Analysts say beware of tracker funds that try to replicate the Nikkei 225, Tokyo’s most familiar index, because it is price-weighted, a questionable methodology which means that it is disproportionately influenced by companies with high share prices.

Another Japan tracker is the Vanguard FTSE Japan Ucits ETF, which tries to replicate a different index of Japanese stocks reflected in the FTSE Japan index. This is more broadly based with 511 stocks. It quotes an ongoing charge figure of 0.15 per cent.

For investors who want their investments managed by active stockpickers, a number of Japan-focused investment trusts remain, including those managed by Schroders, JP Morgan and Fidelity.

The best-performing Japan-focused investment trust over the past 12 months and the past five years is CC Japan Income & Growth Trust, a £240 million trust which over the latter period has produced a 43.6 per cent share price total return. It favours companies likely to do well from corporate governance reforms and is not afraid to take big bets on smaller companies.

Baillie Gifford Japan Trust is one of the biggest, weighing in at £640 million, but has been one of the worst-performing in recent years because of its favouring of tech stocks in the country. Its biggest single investment is SoftBank, the tech investment house. Unloved, it trades at a 10 per cent discount to net assets.

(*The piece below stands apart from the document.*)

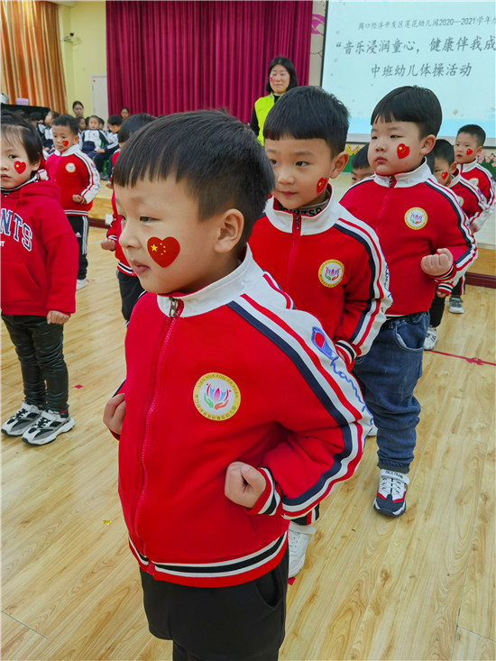 在熱情洋溢的音樂(lè)中,中班的運(yùn)動(dòng)健兒們,雄赳赳氣昂昂地入場(chǎng)了。瞧!他們個(gè)個(gè)精神抖擻,活力四射,整齊的步伐,響亮的口號(hào),無(wú)不體現(xiàn)蓮幼兒童的活潑、自信?!笆澜缯婷篮谩钡捏w操音樂(lè)響起,幼兒快樂(lè)地舞動(dòng)身體,時(shí)而裝作勇敢的海鷗,時(shí)而扮作講衛(wèi)生的小花貓,時(shí)而又成了互幫互助的企鵝。活靈活現(xiàn)的動(dòng)物模仿操,迎來(lái)現(xiàn)場(chǎng)觀眾的熱烈掌聲。隨著一聲響亮的“嘿、哈”,幼兒扎馬步、出拳,一氣呵成。小小的身體,展現(xiàn)大大的能量。掌握中國(guó)功夫,鍛煉強(qiáng)健體魄,我們都是功夫?qū)殞殻∏?!大班幼兒在?dòng)感的音樂(lè)和老師的指揮中精神抖擻、踏著整齊的步伐入場(chǎng)了,他們靈活、有序地變換著各種隊(duì)形,像一個(gè)個(gè)快樂(lè)的小精靈。在歡快的音樂(lè)中,幼兒都十分投入,和著音樂(lè)的節(jié)奏,動(dòng)作協(xié)調(diào)、整齊有力,時(shí)而還發(fā)出“哼哈”的口令聲呢!他們開(kāi)心地跳著、笑著,跳出了快樂(lè)、跳出了自信、跳出了他們對(duì)運(yùn)動(dòng)的喜愛(ài),對(duì)健康的追求。

Among unquoted funds, Jupiter Japan Income Fund is well-regarded by some. A fund of more than £1 billion, it is fairly concentrated with 38 holdings with large exposures to financial and consumer stocks as well as industrials and technology. Over ten years it has produced a 145.3 per cent return, as against 113.1 for the Topix index. The ongoing charge number is 0.98 per cent.

One tip for any overseas-based Japan investor is that the share market often moves inversely with the currency in the shorter term. After translation back into sterling, the gains from a bull market can be less exciting, but the losses from a bear phase may be less painful.